April 15, 2008
We get that a lot in our office: “I don’t understand how the Catholic Church can say a marriage never happened.” “I don’t understand why an annulment is necessary.” “Can’t you people leave well enough alone? They’re divorced, it’s over and done with. Let them marry again if they want.” Most people, even Catholics, don’t understand how the Church can declare a marriage invalid. After all, it lasted X many years, there’s children involved, it’s a ploy to get more money. Questions, excuses, downright hostility, we get them all here!

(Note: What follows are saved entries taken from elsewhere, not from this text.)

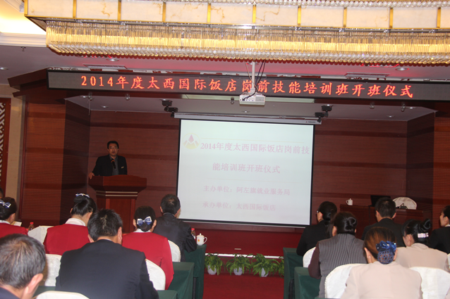 近日,“太西国际饭店2014年度岗前技能培训班开班仪式”在太西国际饭店多功能F厅隆重举行。本次培训由阿左旗就业管理局主办,太西国际饭店承办。阿左旗就业管理局相关领导、集团公司人力资源管理总部领导以及饭店特聘讲师出席了开班仪式。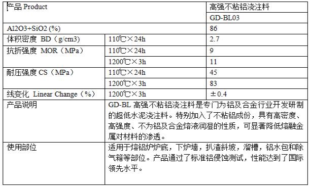 此系列材料以高純莫來石、紅柱石、硅線石為基料的低水泥含量、超微粉結(jié)合的新型材料。由于選用高純原料、超微粉結(jié)合,此系列材料具有高體積密度、高強(qiáng)度、良好熱震穩(wěn)定性,通過添加適量的“不潤濕劑”(如高純氧化鉻、復(fù)合鋇鹽、復(fù)合鋅鹽等),能大幅度降低鋁及合金、熔渣對耐火材料的潤濕性,提高了耐火材料對含鹽分、助熔劑等化學(xué)成分的鋁液的抗腐蝕性、抗沖刷性、不沾鋁和渣功能,即阻止了鋁及合金、熔渣滲入耐火材料,延長爐襯壽命。非常適用于熔化爐、靜置爐、流槽、鋁包內(nèi)襯。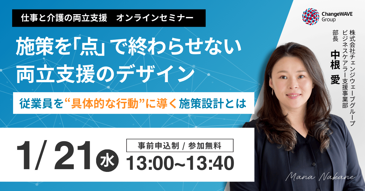 2025年4月から育児・介護休業法が改正施行され、 仕事と介護の両立支援が一層重要視されるようになりました。 一方で、制度整備や法改正への対応は進んだものの 弊社が運営する人事ご担当者の勉強会では 「実態が見えない」「対象者に届いているのか不安」といった課題も聞かれます。 特に介護が始まっていない“未介護層”に対しては、 「無関心に見える」「声が上がってこない」などのお悩みが少なくありません。 本セミナーでは、 両立支援に取り組む企業と、年400件以上の相談を受けてきた専門家による事例から、 「現場のニーズ」に即した両立支援設計のポイントをお伝えします。

The Catholic Church teaches that marriage is permanent – no one, including the State, has the power to break the marital bond between the couple. The State says that because marriage is a contract, it can be broken, simply because one or both parties want it. However, the Church takes marriage to a higher level: it is a covenant, and so it cannot be broken because it creates a bond between the parties. Think of it this way: God made a covenant with Abraham. Both of them were bound by the terms of that covenant. Abraham swore to follow His instructions, and God swore that He would multiply Abraham’s descendents. Neither of them could break the covenant they made, no matter what Abraham and/or his descendents did later on (God never breaks a covenant He makes). The covenant between them is permanent. The covenant of marriage is the same way. Even if the marriage ends in divorce, that bond or connection between the couple still exists.

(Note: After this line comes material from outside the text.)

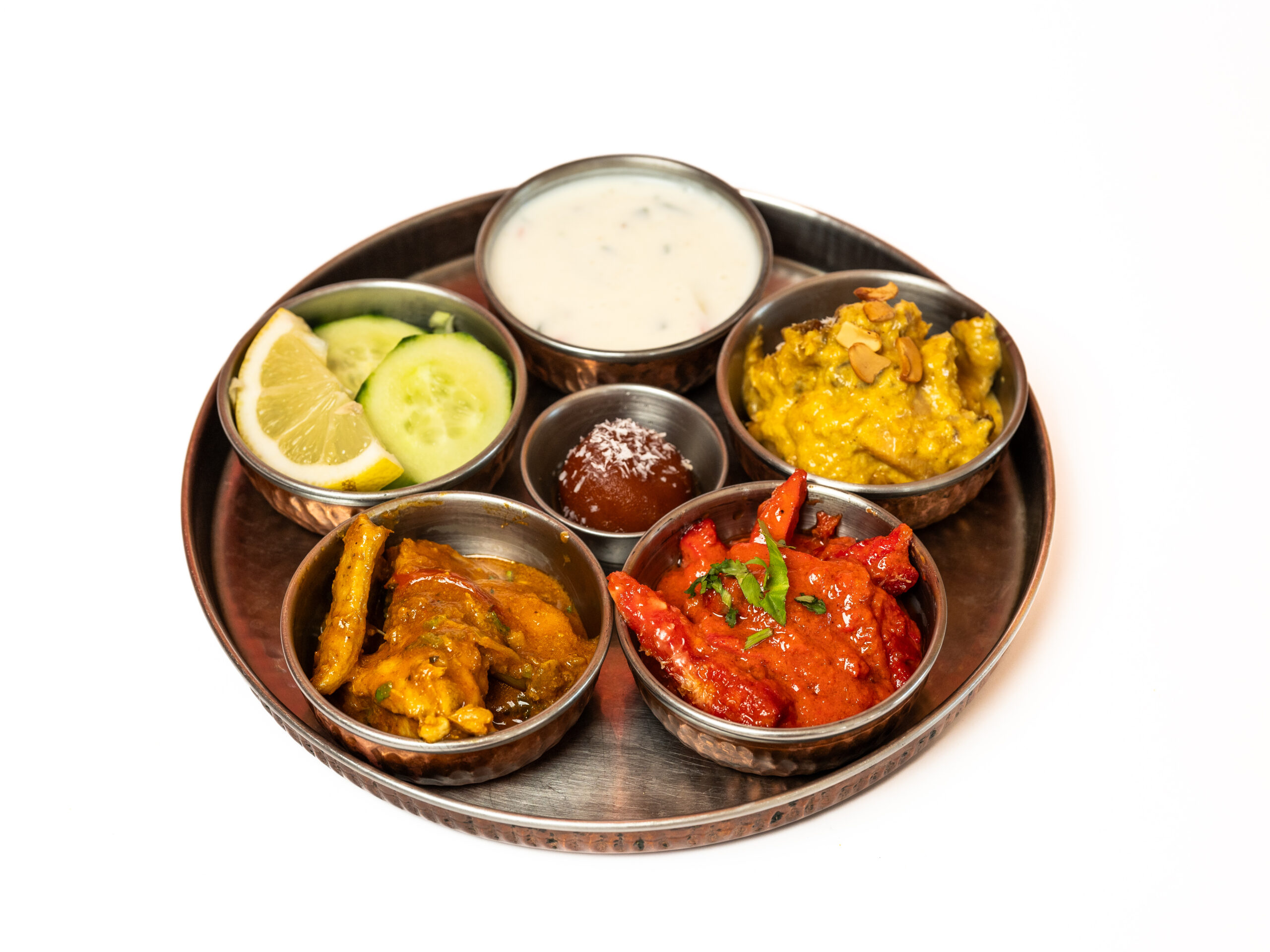 Kipcurry, lamscurry, curry met gemengde groente, gemengde salade, raita (yogurtsaus), gulab jamun (dessert)

How can a marriage be invalid? The Church teaches that marriage, like all the other sacraments, is dependent on two things: matter and form. The ‘matter’ in this case is the consent of the two parties; the ‘form’ is how they get married (i.e., in front of the priest who witnesses their vows). If one or both of these is defective for some reason, then the marriage is invalid. The only way to be sure that a marriage was invalid is to examine it. We look at what happened during the courtship, engagement, wedding day, and marriage itself. Things that occurred at these different times can sometimes point to a cause of invalidity.
When we examine a particular marriage, we start with the presumption that the marriage was valid. Then we sift through the testimony of everyone who participated, and try to see if there are overwhelming reasons why the marriage would be invalid. Sometimes it’s very obvious; for instance, one of the parties may have been so drunk at the wedding that there is no way he/she understood what was happening (this is just one example of a reason that a marriage could be declared invalid). Other times, it’s not so clear, and we have to dig a little deeper to try to find if there was anything there. In some cases, there is no evidence at all that the marriage was invalid. If that happens, we can’t continue with the process.

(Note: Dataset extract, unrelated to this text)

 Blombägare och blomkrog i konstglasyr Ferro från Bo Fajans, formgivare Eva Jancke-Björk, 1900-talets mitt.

To answer the questions at the beginning: A declaration of invalidity does not say that the marriage never existed; it merely states that the covenant did not begin. As for children, an annulment does not mean that they are illegitimate. Legitimacy is a civil term, not a Church label. For someone who is Catholic, or who is marrying a Catholic, and who has been married previously, an annulment states that the person is free to marry in the Church. Therefore, the Catholic party is able to receive the Sacraments. The length of time that a marriage existed has no bearing on the validity of the marriage: we’ve done cases that lasted anywhere from less than one year to 40+ years. As for the money part – we ask the person who initiates the case to pay a very small portion of the costs of the process. The true cost, including, research, time, copying documents, salaries, etc. can be upwards of $2000. No one is ever turned away because he/she cannot contribute to the cost.
Marriage is a covenant by which the spouses make a mutual gift of the whole person to each other. It is the only sacrament in which the spouses are the minister, and because marriage of that sacramentality, the Church takes responsibility for and interest in its validity, celebration, and vitality. That’s the reason for all the rules about marriage preparation, where a wedding can be held, who can witness the vows, etc. At the same time, the Church also has a responsible interest in marriages that fail, which is why there are programs such as Retrouvaille and Marriage Encounter, we’d rather have couples reconcile and live together than see them in our office.
Mary Tarver is a tribunal judge who was formerly employed by the Bismarck Diocese. She now works as a tribunal judge in the Diocese of Corpus Christi, Texas.